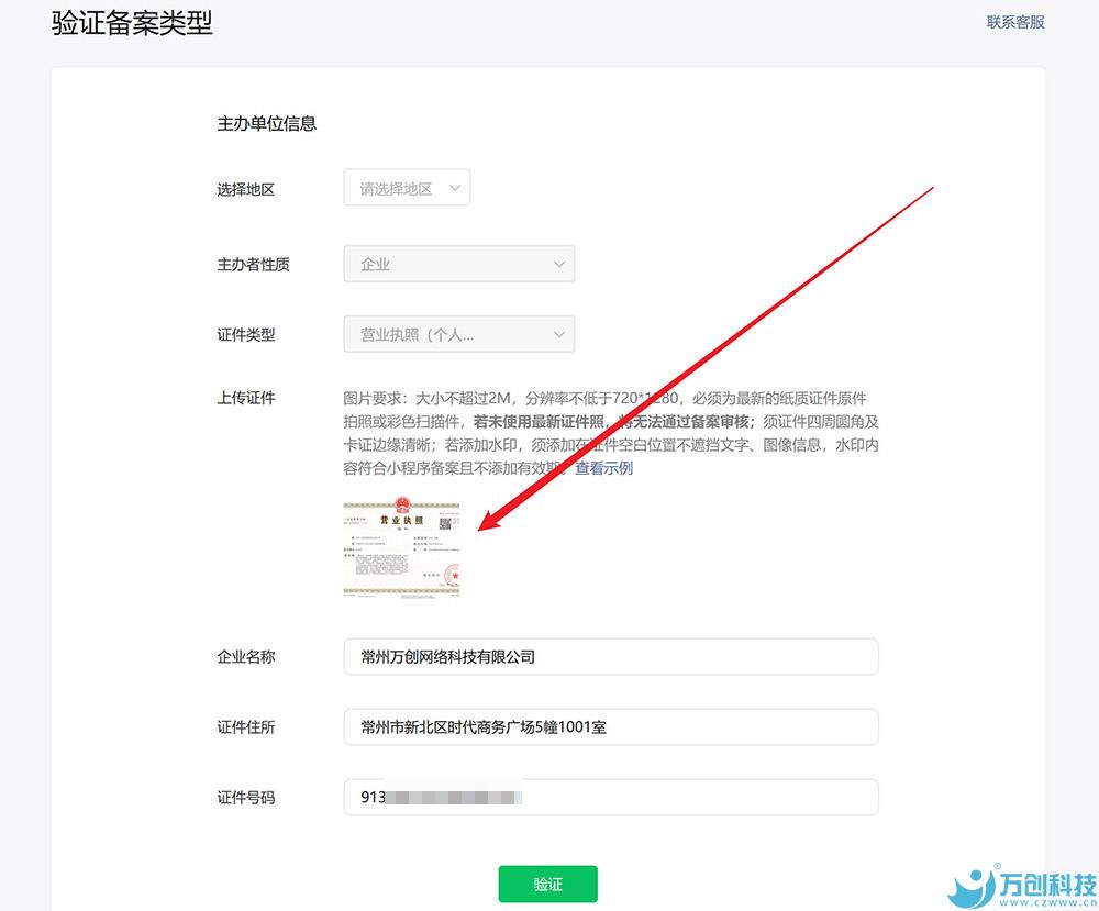 第二步:選擇企業(yè)所在地區(qū),上傳營業(yè)執(zhí)照,然后提交。
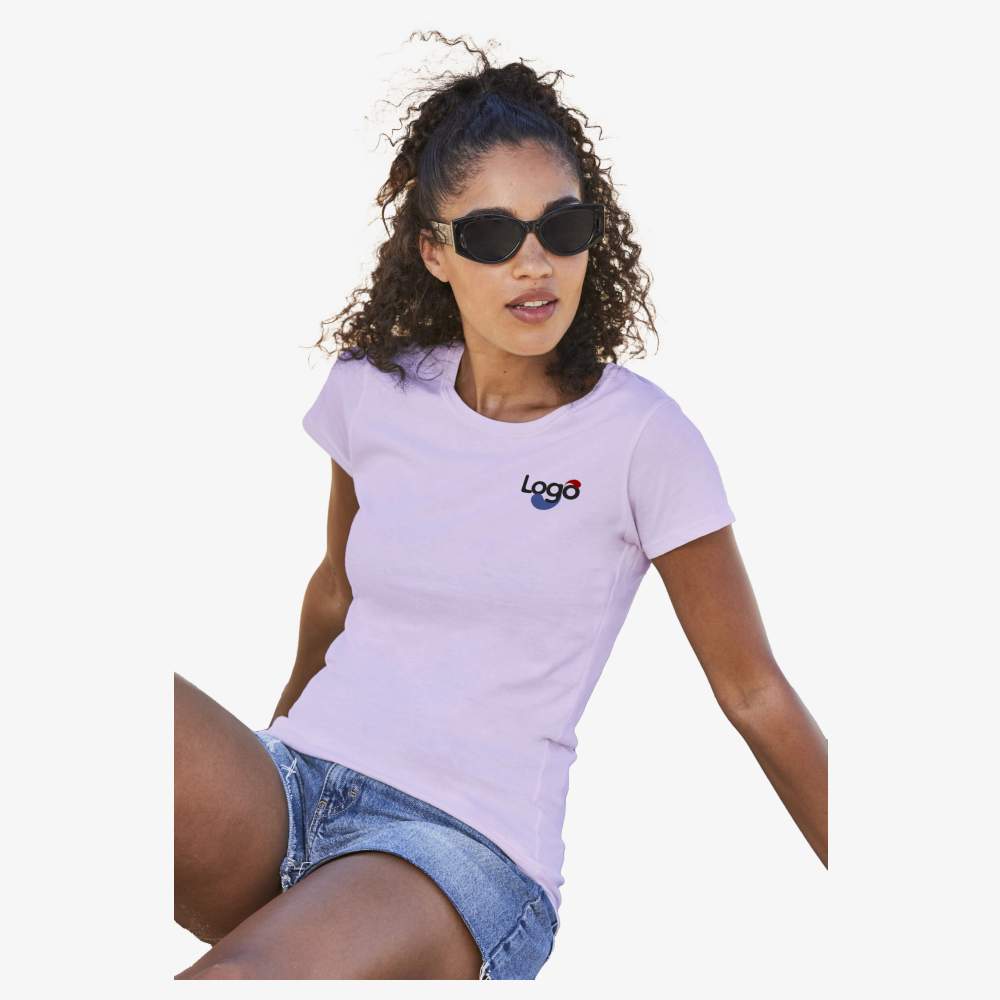 Questa maglietta a maniche corte per donna offre una vestibilità aderente e femminile grazie alle cuciture laterali. Il suo tocco morbido e il colletto basso in costina 1x1 garantiscono un comfort ottimale. La striscia di rinforzo sul retro del collo, dello stesso tessuto, ne aumenta la durabilità. L'etichetta rimovibile permette una personalizzazione facile. Composizione: 100% cotone cardato filato ad anello. Tranne colore Grigio Chiné: 97% cotone, 3% poliestere / Athletic Chiné: 90% cotone, 10% poliestere riciclato.
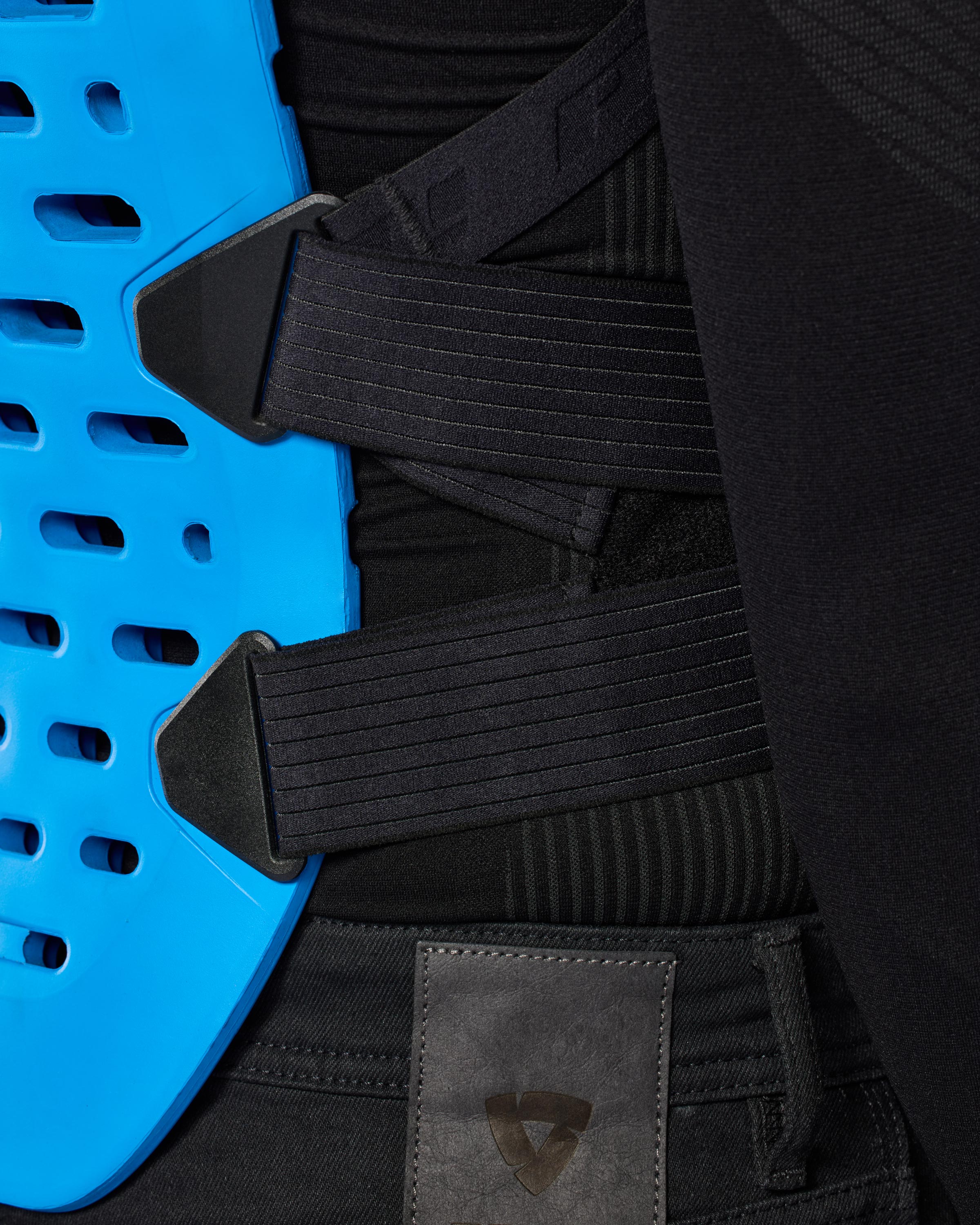 Pour un confort tout au long de la journée, le matériau SEESOFT 3D Fit s'adapte à votre corps, tandis que la conception à structure ouverte avec des treillis internes entrelacés en forme de nœud papillon permet à l'air de circuler librement. Cela évite la sensation de moiteur, tandis que la protection souple, mais très résistante aux chocs, épouse parfaitement les formes du corps et suit vos mouvements sur la moto.
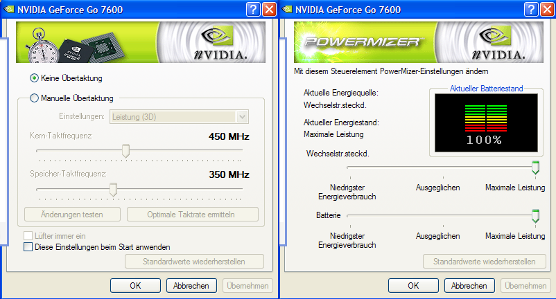 (LCD max, CPU min, nVidia PowerMizer: balanced, Cyberlink PowerDVD 6 Deluxe

● **Task goal**:
Each line of the data is to be duplicated exactly; pictures stay out of the copy.

● **Problem solution**:
 第二步:選擇企業(yè)所在地區(qū),上傳營業(yè)執(zhí)照,然后提交。
 Questa maglietta a maniche corte per donna offre una vestibilità aderente e femminile grazie alle cuciture laterali. Il suo tocco morbido e il colletto basso in costina 1x1 garantiscono un comfort ottimale. La striscia di rinforzo sul retro del collo, dello stesso tessuto, ne aumenta la durabilità. L'etichetta rimovibile permette una personalizzazione facile. Composizione: 100% cotone cardato filato ad anello. Tranne colore Grigio Chiné: 97% cotone, 3% poliestere / Athletic Chiné: 90% cotone, 10% poliestere riciclato.
 Pour un confort tout au long de la journée, le matériau SEESOFT 3D Fit s'adapte à votre corps, tandis que la conception à structure ouverte avec des treillis internes entrelacés en forme de nœud papillon permet à l'air de circuler librement. Cela évite la sensation de moiteur, tandis que la protection souple, mais très résistante aux chocs, épouse parfaitement les formes du corps et suit vos mouvements sur la moto.
 (LCD max, CPU min, nVidia PowerMizer: balanced, Cyberlink PowerDVD 6 Deluxe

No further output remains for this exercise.